Intelligent Transportation Systems

2. The method of claim 1 wherein the controlling at least one aspect of the vehicle is performed via the vehicle control-facilitating interface.

3. The method of claim 1 wherein the controlling at least one aspect of the vehicle is performed by the artificial intelligence system emulating the control-facilitating interface being operated by the human.

4. The method of claim 1 wherein the vehicle control-facilitating interface comprises at least one of an audio capture system to capture audible expressions of the human, a human-machine interface, a mechanical interface, an optical interface and a sensor-based interface.

5. The method of claim 1 wherein the tracking vehicle operational state information comprises tracking at least one of a set of vehicle systems and a set of vehicle operational processes affected by the human interactions.

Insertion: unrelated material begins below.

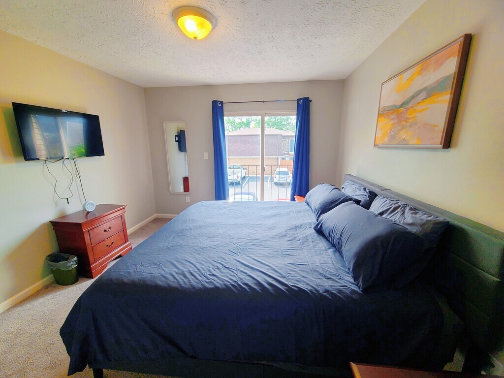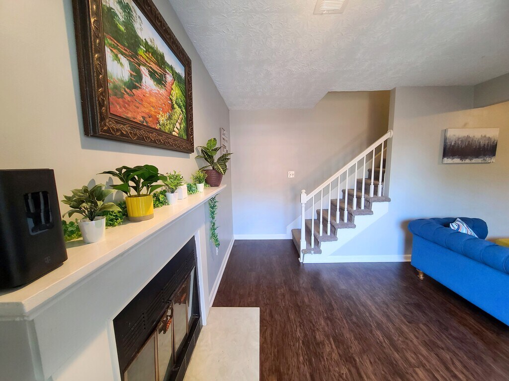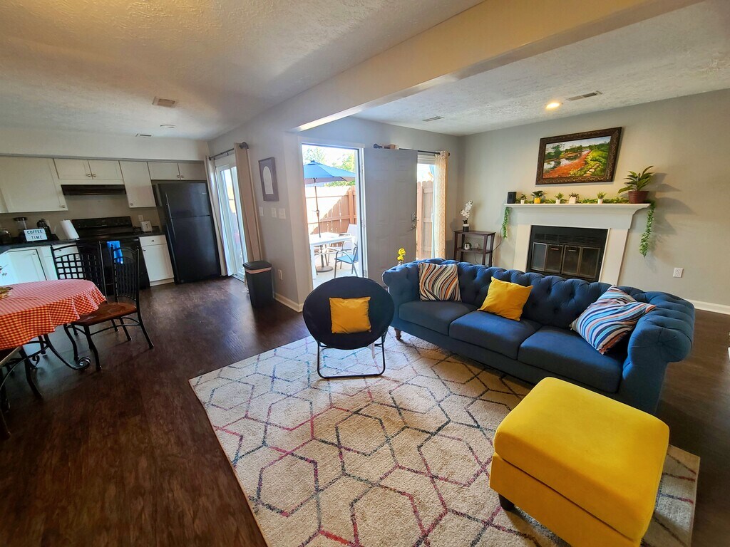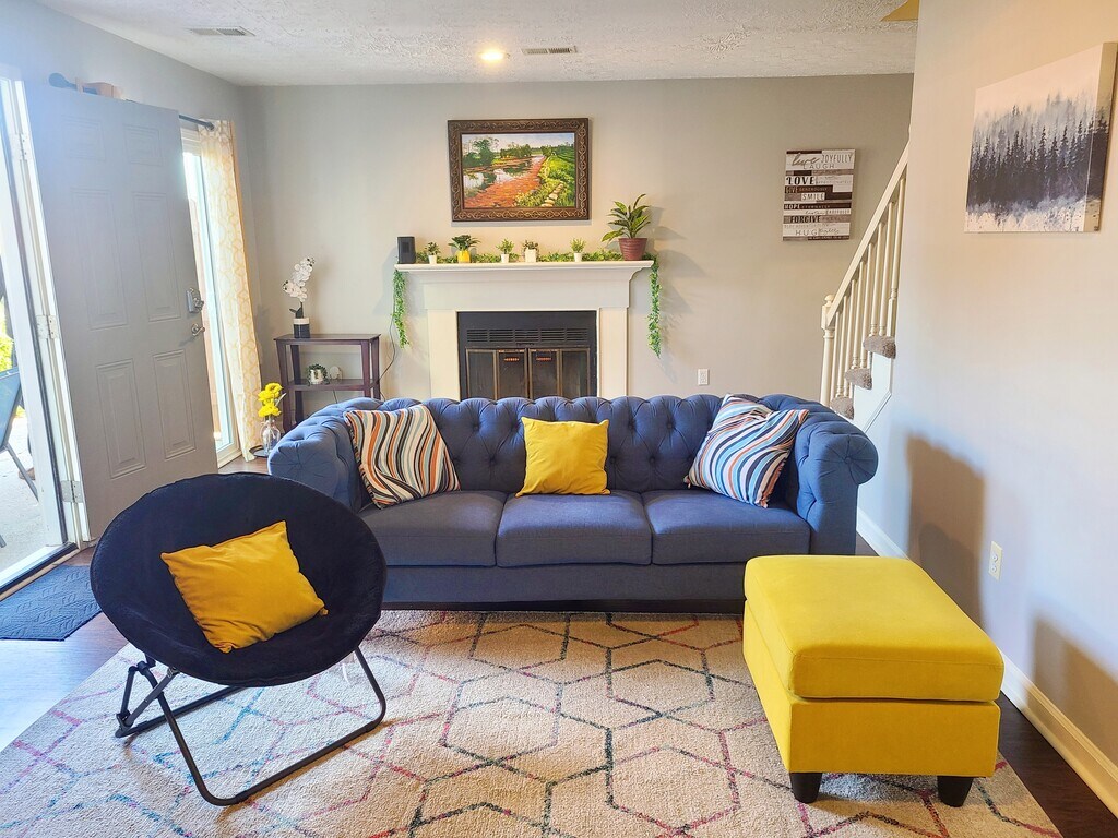 Welcome to your condo townhouse stay in a quiet neighborhood in Lexington: - Private Courtyard - Balcony - Stylish Living Room Short Drive to: - Downtown - Hamburg Shopping Outlets - Hospitals - I-75 access Bedrooms: 2 spacious bedrooms with a king bed and a comfortable queen bed, plush linens, and ample closet space. Perfect for a restful night's sleep after a day's work. Bathrooms: One full bathroom upstairs and a half bath downstairs.

6. The method of claim 1 wherein the tracking vehicle operational state information comprises tracking at least one vehicle system element, wherein the at least one vehicle system element is controlled via the vehicle control-facilitating interface, and wherein the at least one vehicle system element is affected by the human interactions.

7. The method of claim 1 wherein the tracking vehicle operational state information comprises tracking the vehicle operational state information before, during, and after the human interaction.

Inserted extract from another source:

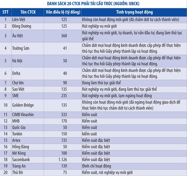 Thực tế cho thấy, sau 1 năm thực hiện Đề án tái cấu trúc TTCK và 2 năm thực hiện Đề án tái cấu trúc các CTCK, đã có 3 CTCK đang tiến hành giải thể là: Sao Việt, Chợ Lớn và Âu Việt. Đặc biệt, mới đây với việc lần đầu tiên UBCK tổng hợp và công khai danh tính 20 CTCK (chi tiết xem bảng) đang trong diện tái cấu trúc, cho thấy quá trình tái cấu trúc CTCK đang diễn ra quyết liệt. Trong số này, thị trường, NĐT đang đặt dấu hỏi về khả năng thanh khoản của nhiều CTCK.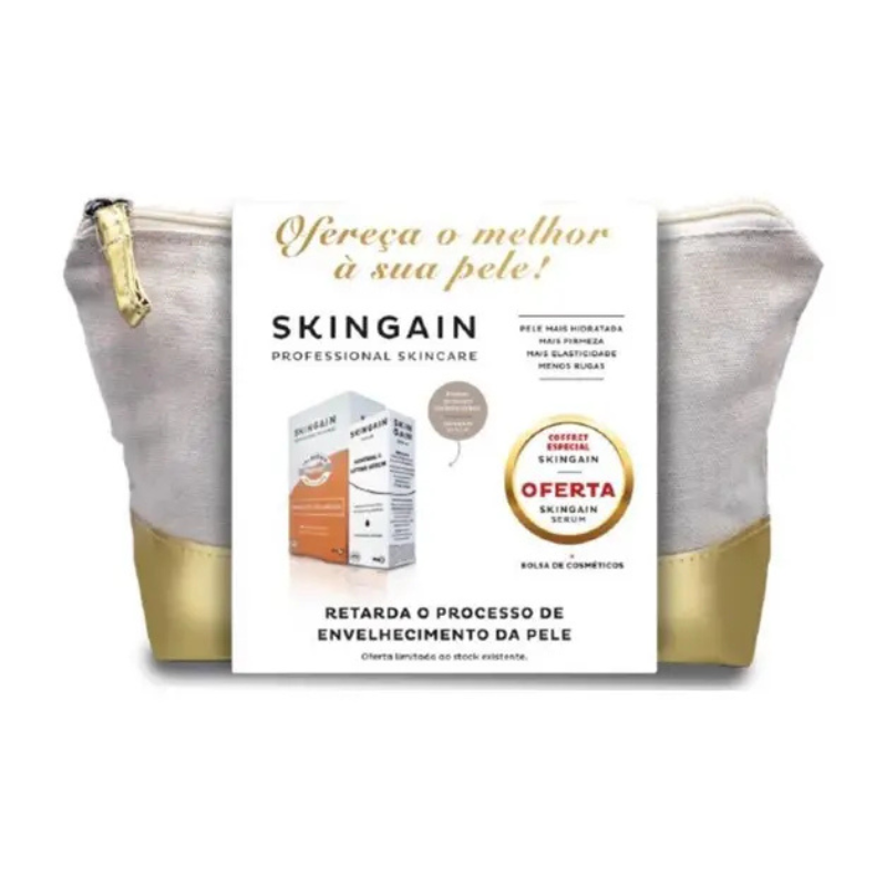 O Pack Skingain Comprimidos oferece uma solução inteligente e económica para quem procura resultados visíveis. Combina a nutrição diária de longa duração dos comprimidos com o efeito lifting e hidratante imediato do sérum, numa oferta especial que inclui ainda uma prática bolsa transparente. A sinergia perfeita para firmar, hidratar e revitalizar a pele de forma consistente e conveniente.

8. The method of claim 1 wherein the tracking vehicle operational state information comprises tracking at least one of a plurality of vehicle control system outputs that result from the human interactions and vehicle operational results achieved in response to the human interactions.

9. The method of claim 1 wherein the vehicle is to be controlled to achieve results that are consistent with results achieved via the human interactions.

10. The method of claim 1 further comprising tracking and recording conditions proximal to the vehicle with a plurality of vehicle mounted sensors, wherein the training of the artificial intelligence system is further responsive to the conditions proximal to the vehicle tracked contemporaneously to the human interactions.

11. The method of claim 10 wherein the training is further responsive to a plurality of data feeds from remote sensors, the plurality of data feeds comprising data collected by the remote sensors contemporaneous to the human interactions.

12. The method of claim 1 wherein the artificial intelligence system employs a workflow that involves decision-making and the robotic process automation system facilitates automation of the decision-making.

13. The method of claim 1 wherein the artificial intelligence system employs a workflow that involves remote control of the vehicle and the robotic process automation system facilitates automation of remotely controlling the vehicle.

15. The transportation system of claim 14 wherein the operator data collection module is to capture patterns of data including braking patterns, follow-behind distance, approach to curve acceleration patterns, lane preferences, and passing preferences.

16. The transportation system of claim 14 wherein vehicle data collection module captures data from a plurality of vehicle data systems that provide data streams indicating states and changes in state in steering, braking, acceleration, forward looking images, and rear-looking images.

17. The transportation system of claim 14 wherein the artificial intelligence system includes a neural network for training the artificial intelligence system.

19. The method of claim 18 wherein the robotic process automation system facilitates automation of a decision-making workflow employed by the artificial intelligence system.

20. The method of claim 18 wherein the robotic process automation system facilitates automation of a remote control workflow that the artificial intelligence system employs to remotely control the vehicle.

21. The method of claim 1 wherein the at least one aspect of the vehicle includes at least one of a climate control system, a combustion engine system, an electric vehicle drive train system, a powertrain system, a seats system, a suspension system, or a transmission system.

22. The method of claim 1 wherein the structured variation is rule-based variation of the controlling the at least one aspect of the vehicle, wherein the deep learning is to improve outcomes associated with the acquired skills to operate the vehicle in a manner consistent with the human interactions.

23. The method of claim 14 wherein the structured variation is rule-based variation of the learned skills that mimic the human operator, wherein the deep learning is to improve outcomes associated with the learned skills to mimic the human operator to control the vehicle.

24. The method of claim 18 wherein the structured variation is rule-based variation of the controlling of the vehicle, wherein the deep learning is to improve outcomes associated with the acquired skills to control the vehicle mimicking the human operator.